MRS KIKKERT (Ginninderra) (6.39): There are many wonderful people I have come to know and respect during my time as a member of the Legislative Assembly—so many individuals and groups of people who embody what I would call a love for the things that God loves. I have witnessed charities full of good-hearted volunteers providing for our territory’s needy and vulnerable. I have witnessed dedicated people who deliver programs that provide assistance to the weak and the afflicted. I have witnessed, every day, good people doing truly great things.

Some of these people whom I would like to talk about this evening are Canberra’s Rotuman community. Rotuma is a tiny island located about 650 kilometres north of Suva, the capital city of Fiji. Only 2,000 Rotumans live on this island. Although their island home has been a part of Fiji since 1881, the Rotumans have their own language and culture and a distinct history. Despite being comparatively few in number, their drive for excellence and goodness and their love of life and learning have made them a very recognisable minority group in that island nation.

An estimated 1,000 Rotumans live in Australia, only a fraction of whom live here in our beautiful city. But, as is the case in Fiji, their impact can certainly be felt despite their small numbers. Two weeks ago it was a great honour to attend the first ever Rotuma Island night, hosted by the Rotuma Association ACT, an event that attracted 250 Canberrans of all backgrounds to a showcase of Rotuman culture and passion.

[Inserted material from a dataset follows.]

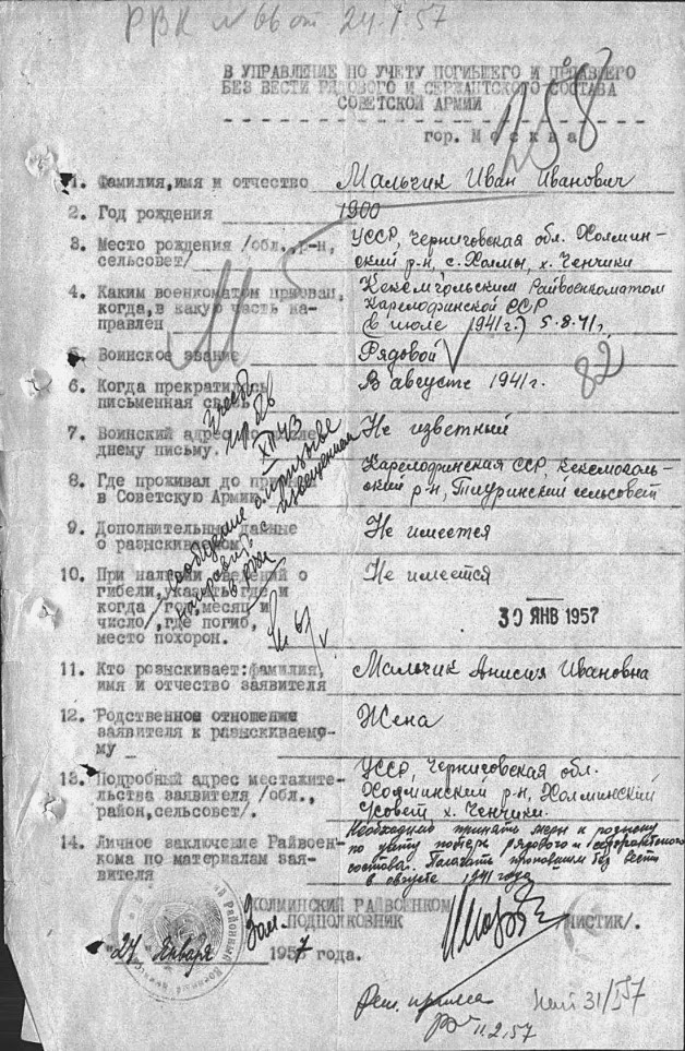 Івана Івановича, забрали на фронт влітку 1941 року. Він загинув при обороні

I was deeply touched by many things that transpired on this evening. I would like to share one of them with the other members of this Assembly. After all the guests were seated, the master of ceremonies offered a welcome speech on his knees. This was intended as a sign of true humility and a gesture of affection and gratitude to all who were in attendance. This man, who works as an emergency doctor at one of Canberra’s hospitals, was born and raised here in Canberra but is fluent in the Rotuman language and well steeped in his culture through an education that was enabled both by traditional oral transmission of culture and language and years of dedicated study. He is a model of how people can appreciate their cultural inheritance whilst integrating it into a well-rounded modern Australian and global citizenship.

As I mentioned earlier, there are only 1,000 Rotumans in Australia, so it would be easy for them to think they have little or nothing to offer. But that is not the kind of people they are. One of the objectives of the Rotuma Association ACT is to stimulate amongst the people of Australia an informed interest in Rotuma and its people, and to stimulate amongst the people of Rotuma an informed interest in Australia and its people. I can assure you that they certainly pulled this off at their Rotuman night on 11 November.